Daniel Lemire's blog

, 2 min read

Counting cycles and instructions on ARM-based Apple systems

In my blog post Counting cycles and instructions on the Apple M1 processor, I showed how we could have access to “performance counters” to count how many cycles and instructions a given piece of code took on ARM-based mac systems. At the time, we only had access to one Apple processor, the remarkable M1. Shortly after, Apple came out with other ARM-based processors and my current laptop runs on the M2 processor. Sadly, my original code only works for the M1 processor.

Thanks to the reverse engineering work of ibireme, a software engineer, we can generalize the approach. We have further extended my original code so that it works under both Linux and on ARM-based macs. The code has benefited from contributions from Wojciech Muła and John Keiser.

For the most part, you setup a global event_collector instance, and then you surround the code you want to benchmark by collector.start() and collector.end(), pushing the results into an event_aggregate:

#include "performancecounters/event_counter.h"

event_collector collector;

void f() {
  event_aggregate aggregate{};
  for (size_t i = 0; i < repeat; i++) {
   collector.start();
   function(); // benchmark this function
   event_count allocate_count = collector.end();
   aggregate << allocate_count;
  }
}

And then you can query the aggregate to get the average or best performance counters:

aggregate.elapsed_ns() // average time in ns
aggregate.instructions() // average # of instructions
aggregate.cycles() // average # of cycles
aggregate.best.elapsed_ns() // time in ns (best round)
aggregate.best.instructions() // # of instructions (best round)
aggregate.best.cycles() // # of cycles (best round)

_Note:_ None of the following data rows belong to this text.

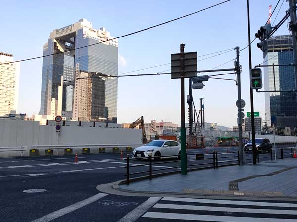7.JR高速バスターミナルを越えて大阪駅の北西の角まで来ると交差点があります。 (右斜め前方の先には、特徴的な梅田スカイビルが見えます。)
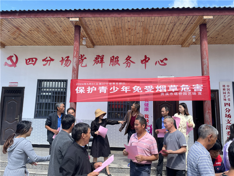 江西贵溪讯(通讯:张美琪)为深入开展控烟宣传教育,预防烟草危害,积极构建青少年控烟防烟防护网,近日,江西省贵溪市塔桥园艺场开展了“保护青少年免受烟草危害”主题宣传活动。
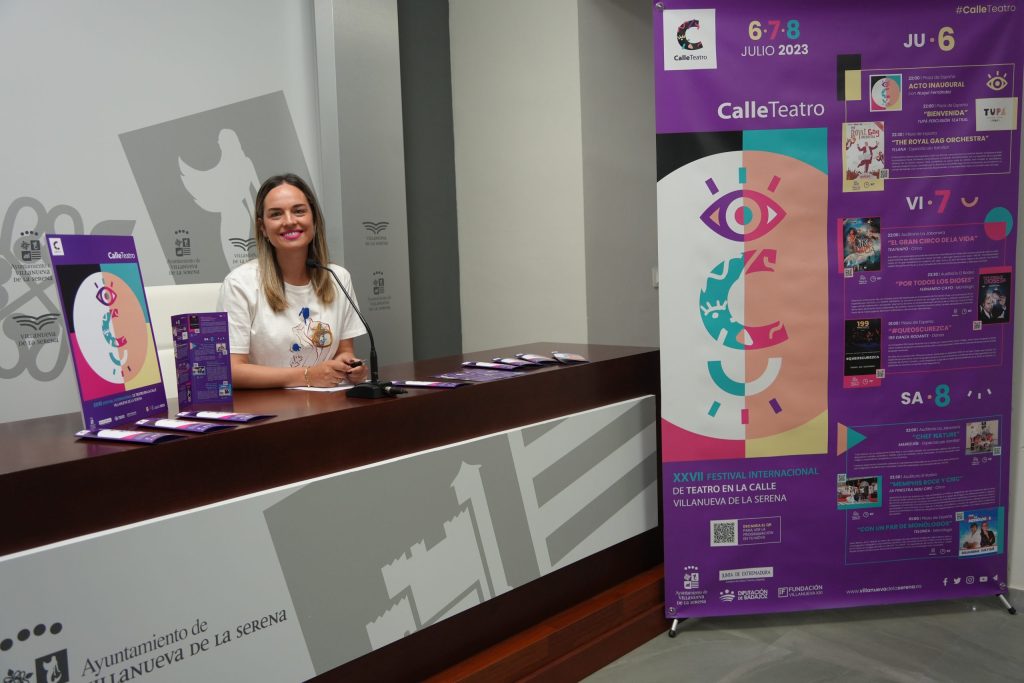 Del 6 al 8 de julio, se celebrará la vigésimo séptima edición del Festival de Teatro en la Calle, Calleteatro. Un Festival que a lo largo de tres días ofrecerá a los ciudadanos distintas propuestas teatrales en diferentes ubicaciones de la ciudad, así lo afirma Ana Mansanet, concejala de Cultura quien subraya que “a través de las artes escénicas, se acercará la cultura a todas y a todos, sacándolas de los teatros y llevándolas a las calles y plazas de Villanueva de la Serena”. Un festival, subraya, que cuenta con compañías de renombre del panorama no solo local y regional sino también nacional, que pone en valor “el talento de nuestra tierra y que sitúa a Villanueva de la Serena en el mejor de los marcos como ciudad que apuesta y cuida de la cultura”.
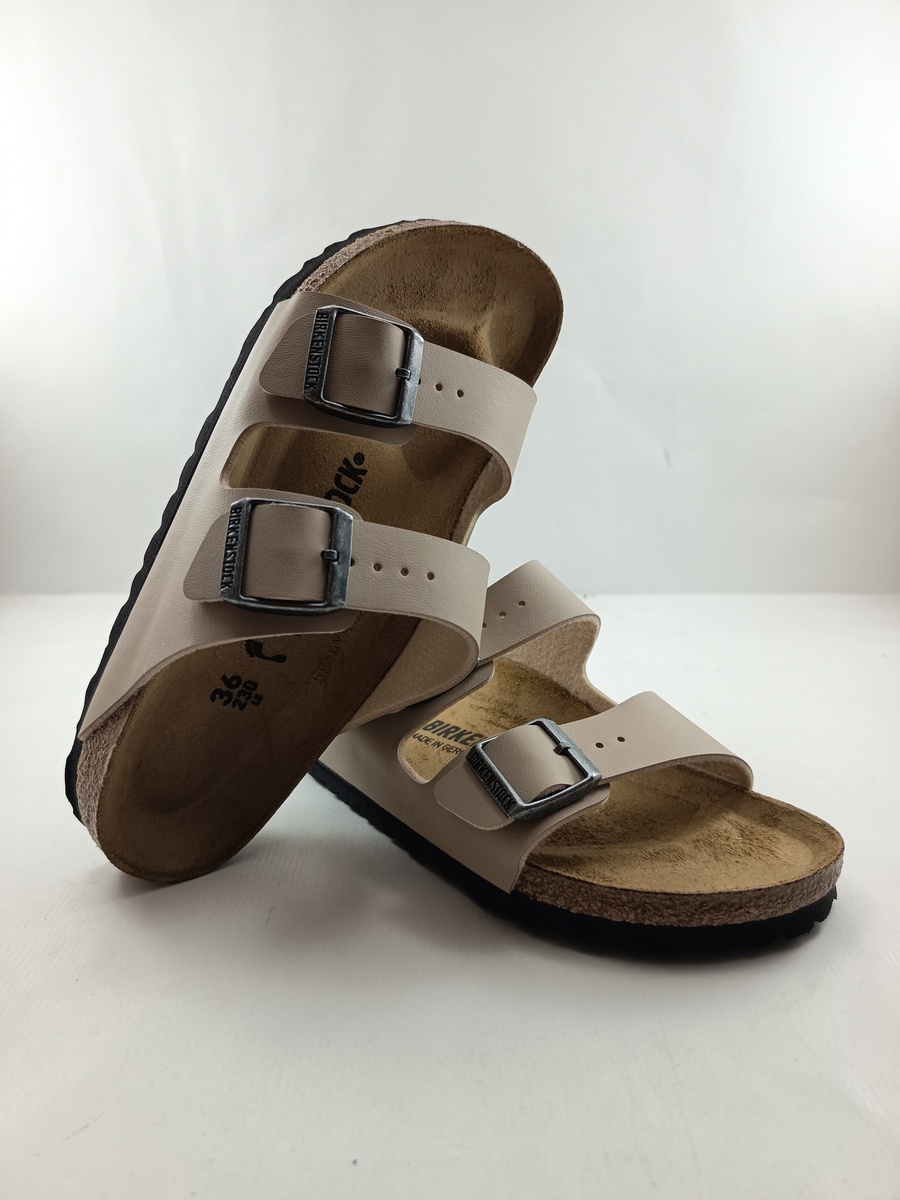 Sandalia de piel crema con cierre de doble hebilla, Birkenstock mod. 1031501
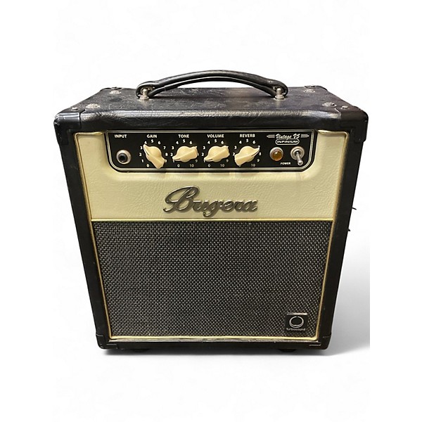 Used Bugera INFIUM Guitar Combo Amp in Good condition, featuring 22 watts of all-tube power and a single 12" speaker for warm, responsive tone. Equipped with INFINIUM Tube Life Multiplier technology for extended tube life and consistent performance. Offers two independent channels with reverb and a classic 3-band EQ. Ideal for blues, rock, or jazz players seeking vintage tone with modern reliability. Perfect for practice, small gigs, or studio sessions.
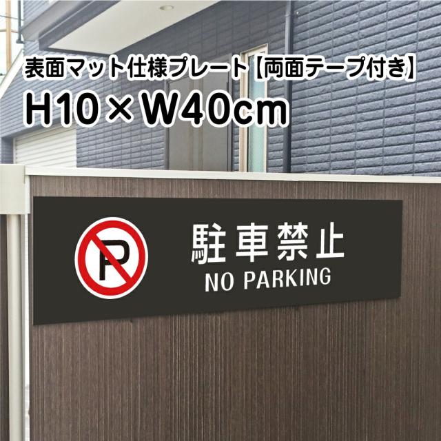 両面テープ付き 駐車禁止 NO PARKING プレート 看板 マットブラック H10×W40cm シルバーアルミ複合板 屋外 黒 bla10-4-r
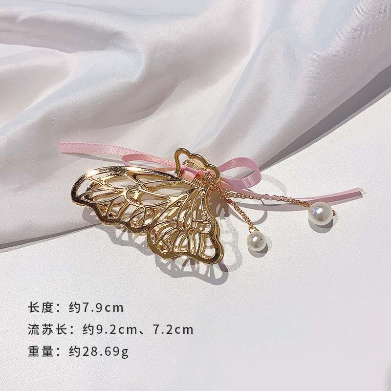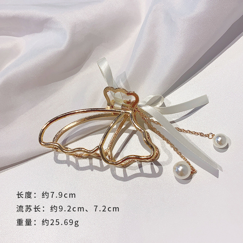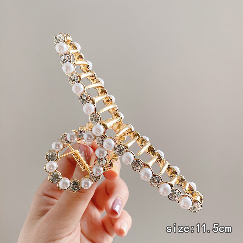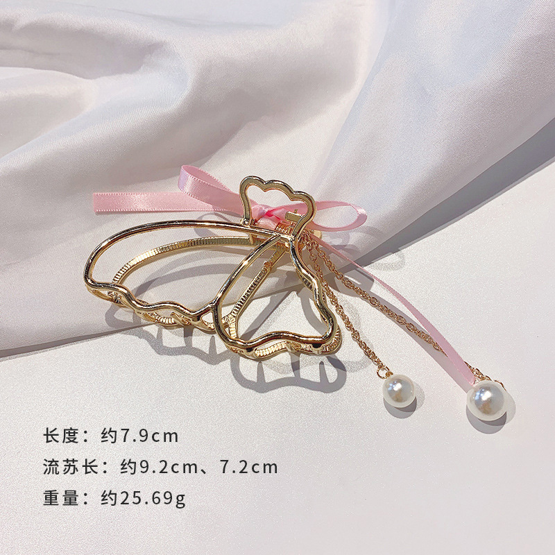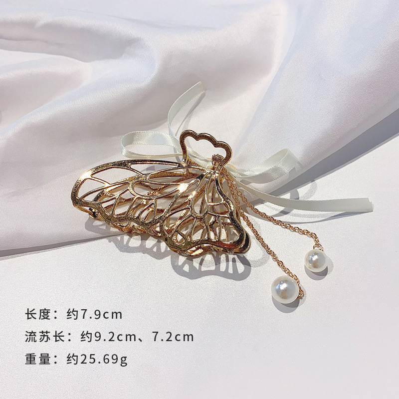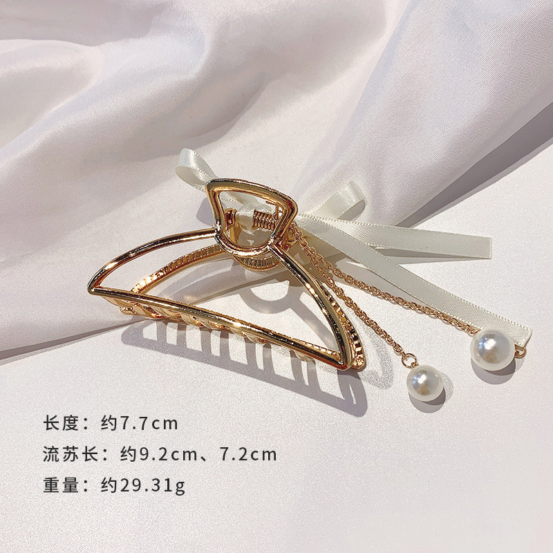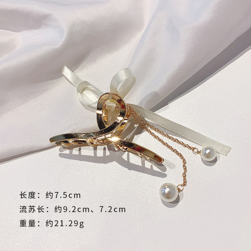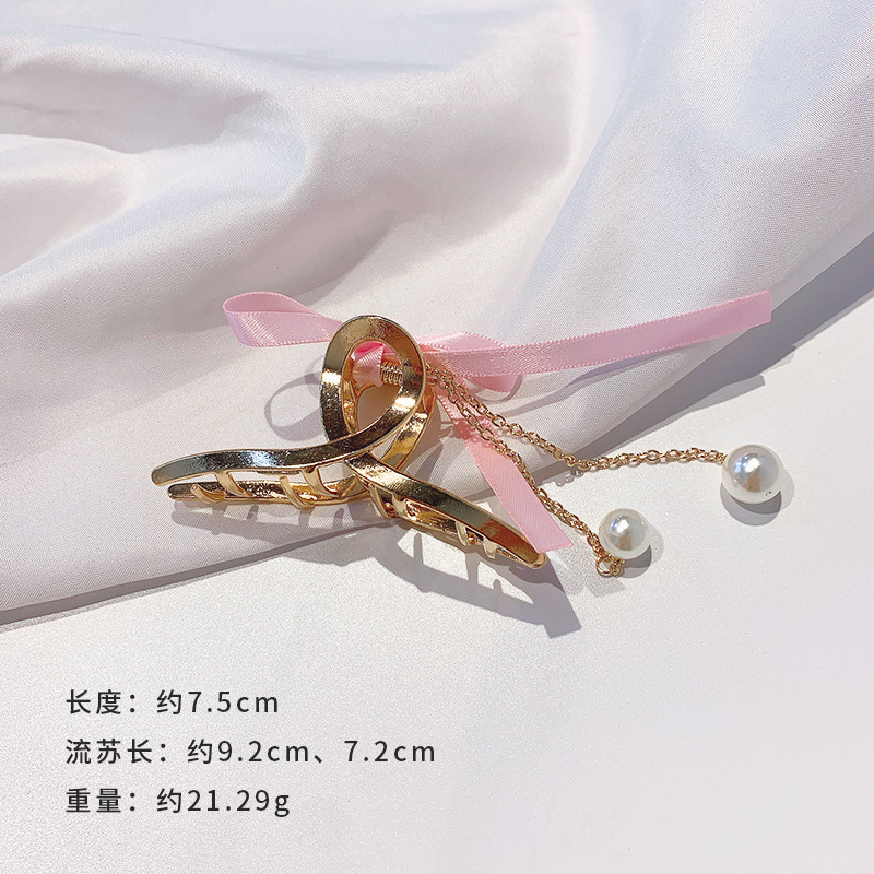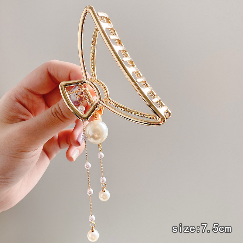 한국식 뒷머리 머리핀 여성용 활 펜던트 그랩 클립 진주 술 금속 상어 클립 디스크 헤어 클립 머리 장식
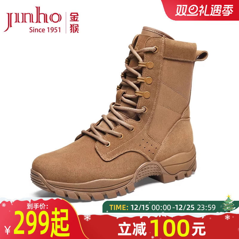 金猴新式棕色套式作战训靴户外训练牛皮防穿刺沙漠靴真皮越野靴子
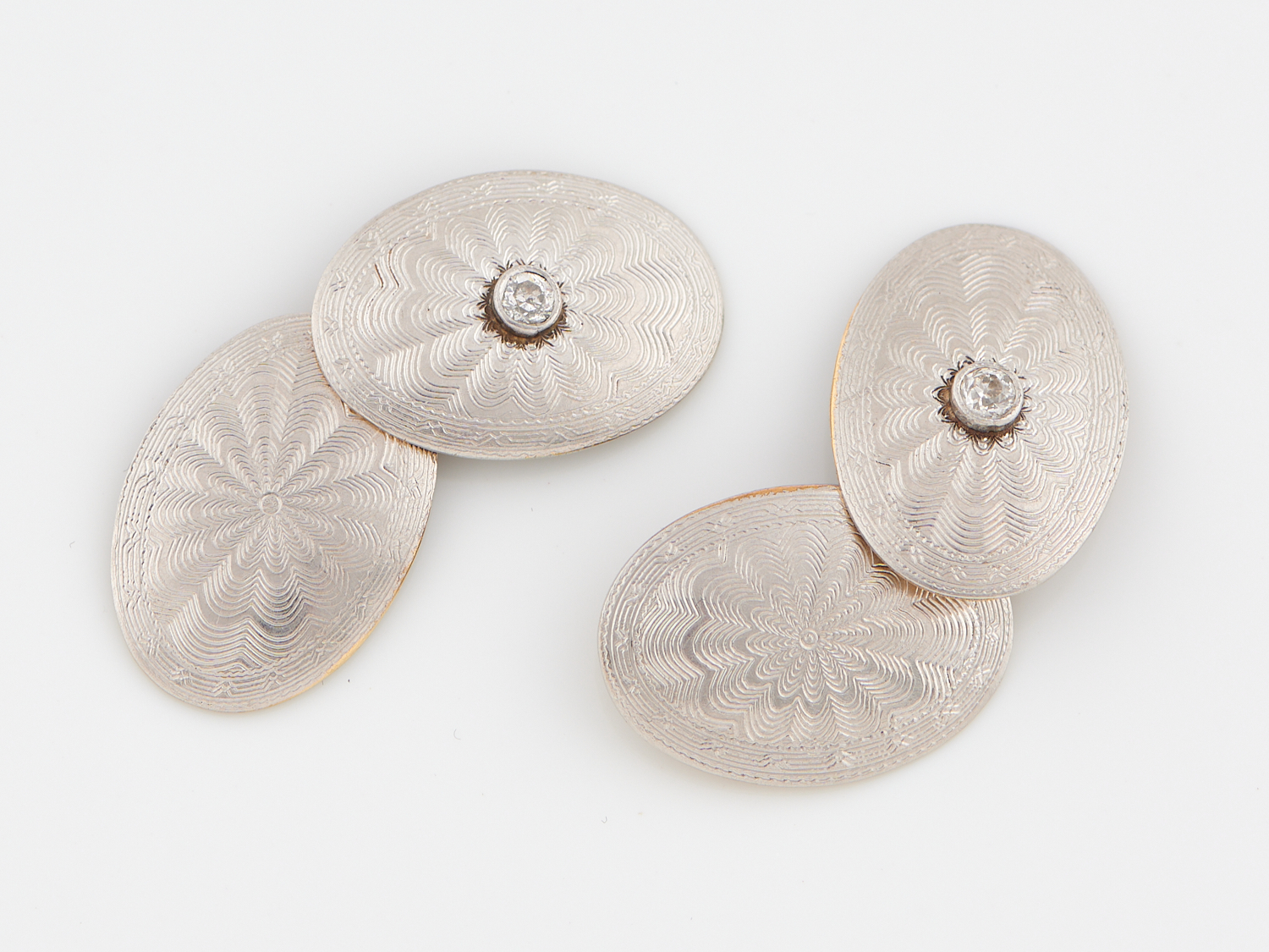 A PAIR OF DIAMOND CUFFLINKS IN PLATINUM AND 14CT GOLD, 6.1GMS

I updated my original benchmark which records the cost of parsing floating-point numbers, comparing the fast_float library against the C function strtod:

# parsing random numbers
model: generate random numbers uniformly in the interval [0.000000,1.000000]
volume: 10000 floats
volume = 0.0762939 MB
                           strtod     33.10 ns/float    428.06 instructions/float
                                      75.32 cycles/float
                                       5.68 instructions/cycle
                        fastfloat      9.53 ns/float    193.78 instructions/float
                                      27.24 cycles/float
                                       7.11 instructions/cycle

The code is freely available for research purposes.